Bartolo Colon’s fastball used to match his size. There was never a question that both were big.
Shoulder and arm injuries following his Cy Young campaign of 2005 have left fans to recognize him only for his girth.
His fastball, once comparable to an electric Roger Clemens or Nolan Ryan heater, now looks like Greg Maddux was the offering pitcher.
Does the loss of 10 miles-per-hour equal death to a power pitcher’s career?
In fact, it opens the possibility that a guy like Colon could end up being remembered as someone who could pitch, not just throw.
Bartolo Colon could resurrect his once promising career by recreating himself as a crafty pitcher who is able to battle through six innings for every out.

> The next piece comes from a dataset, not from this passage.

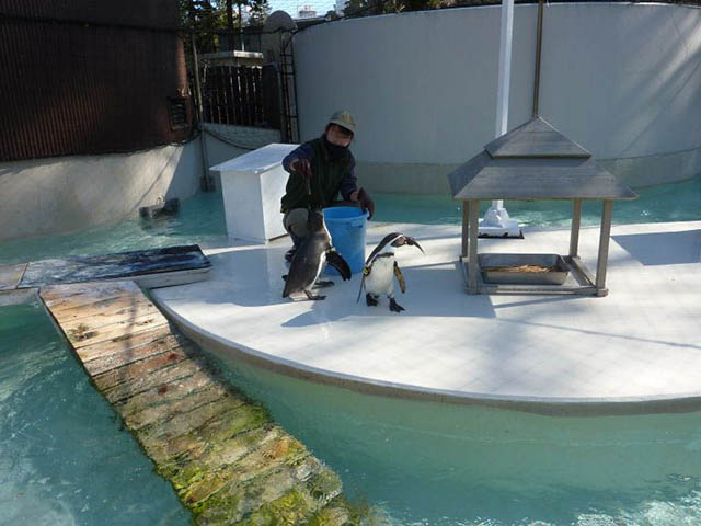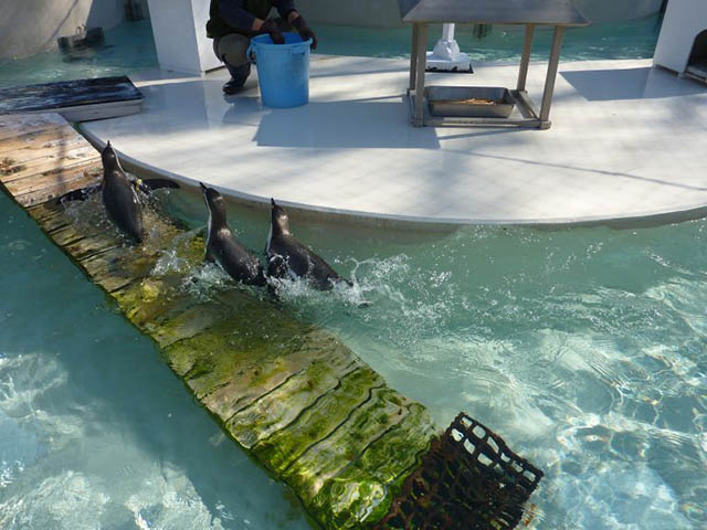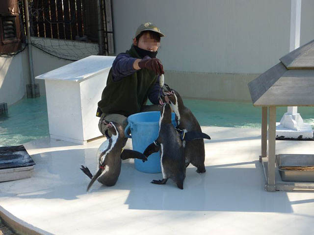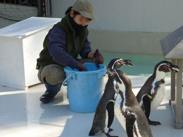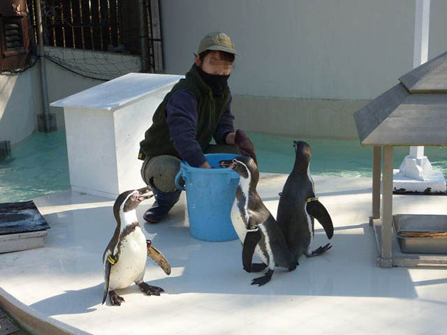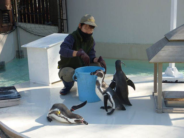 飼育員さんがごはんを持ってくると、大急ぎで駆け寄っていきました。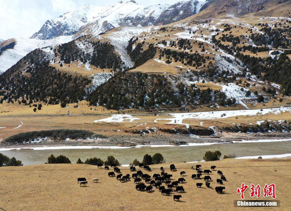 2月27日,一場降雪為青海省玉樹藏族自治州三江源國家公園瀾滄江源園區(qū)披上銀裝,藍天白云,雪山江河,牦牛在金燦燦的高山草場上悠閑散步,形成一幅幅多彩的生態(tài)美景圖。馬銘言 攝

Accomplishing that kind of drastic turn around would make people forget about him as just a thrower who could hit 98 when runners hit scoring position.
Will Colon ever win another Cy Young, or even make an opening day start?
If he learns what it takes to pitch effectively, change speeds, and hit his spots, he could settle into the back of the Red Sox rotation this spring.
Becoming a completely new pitcher could prove to be a bigger task then battling the heart of a Yankee lineup in September.
The change, though difficult, isn’t out of the question.
Many other athletes have been able to remake themselves in order to continue having success in their respective sport.
Wilt Chamberlain and Bill Walton became pass-first centers in the NBA.
Curt Schilling and the afformentioned Clemens added split-fingered fastballs.
Willie Mays, Hank Aaron, and Mickey Mantle stopped roaming the outfield and picked up first-base mitts.
These players, among the finest in their sport's histories, made the changes in order to be effective as they got older, and further catapulted themselves into the annals of the history books.
Though Colon will never reach the level of any of these players, he could find himself pitching for another half decade in a time when low-end starters command 10 million a year if they can make 30 mediocre starts.
Effectively changing from a fireballer to a real pitcher is much easier said then done.
With Colon at a crossroads in his career, and without an eye-popping fastball, he has to make it happen if he plans to don a big-league uniform again.
Bartolo Colon will need to go into spring training with an open mind, as well as open ears, to anyone who might be able to help him in his quest.
Whether that means mixing up grips of pitches to generate more movement, throwing change-ups and curveballs in any count of the intersquad games, watching tapes of Greg Maddux and Tom Glavine, or getting extra side work with pitching coach John Farrell, Colon’s mission is difficult, but not impossible.
The 11-year vet will face the baseball world this spring the same size he always has been, only this time around the pitcher will have a much different look.